Written in Blood: Liquid Biopsies for Cervical Cancer Screening

Cervical cancer (CC) is one of the most common malignancies affecting women across the world. The major cause of CC is human papillomavirus (HPV) infection. Studies have shown that HPV infection is highly correlated (>99%) with the occurrence of CC. HPV testing is done on women infected with high-risk HPV types that correlate strongly to CC development, such as HPV types 16 and 18.  In conjunction with HPV testing, traditional CC screening (Pap test and visual inspection test) is done as standard practice against all HPV types.
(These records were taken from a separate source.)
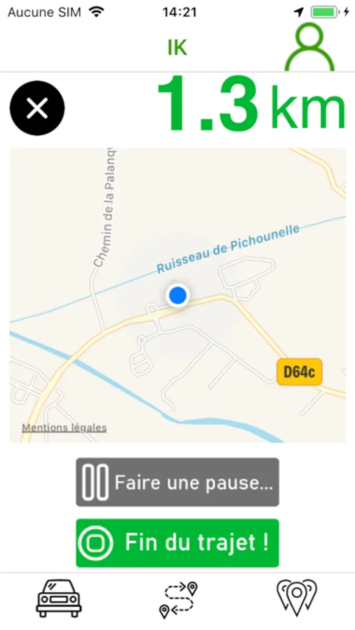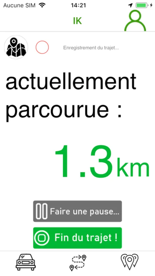 Le parcours en enregistré par le GPS en tâche de fond, IK fonctionne en parallèle de Waze et autres mappers.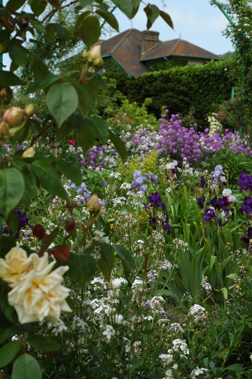 Rose companions - honesty and iris at Giverny. Photo - Linda Ross
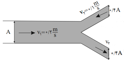 با توجه به شکل مقابل که مسیر عبور شاره ای تراکم ناپذیر با جریان لایه ای در حالت پایا را نشان می دهد ، تندی v3 چند متر بر ثانیه است ؟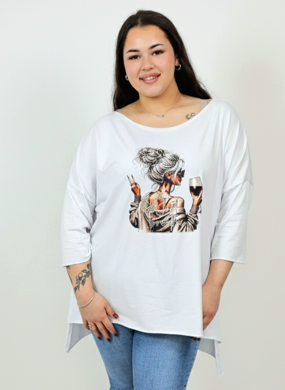 Bluzka plus size laserowo cięta z nadrukiem kobiety z kieliszkiem – nowoczesny styl XXL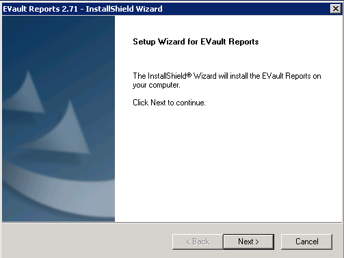 Run EVaultReports-2-71-1674a.exe.In the Welcome page click Next.

However, the Pap test and HPV testing are highly invasive techniques that require collection of cervical cells at annual intervals for at-risk women. In addition, such tests pose significant socio-economic challenges, especially in countries where the combination of inadequate infrastructure and inadequate medical expertise greatly reduce test accuracy. Recently, liquid biopsy has been extensively examined as an alternative to cancer screening and diagnostics.  Liquid biopsy is a non-invasive technique that screens for circulating tumor DNA (ctDNA) and circulating tumor cells (CTC) in the blood. ctDNA are fragments of cell-free DNA, shed from cell death, that contain hallmark mutations of cancerous cells. CTCs are tumor cells that have metastasized from primary tumor sites and are released into the blood-stream. Due to advances in high-throughput sequencing, the analysis of CTC and ctDNA is possible. Liquid biopsies can also detect real-time molecular changes that occur in the cancer and provide a more complete tumor profile regarding the number of tumor DNA mutations.  Liquid biopsy provides an exciting alternative for patients who may be unwilling to undergo invasive, and often painful, CC and HPV screening. Furthermore, it may greatly reduce medical costs as no specialized training is required to obtain samples, and it allows health-care practitioners to perform more testing, effectively monitoring disease progression. This can enable more targeted approaches to CC treatment and dramatically improve patient outcomes.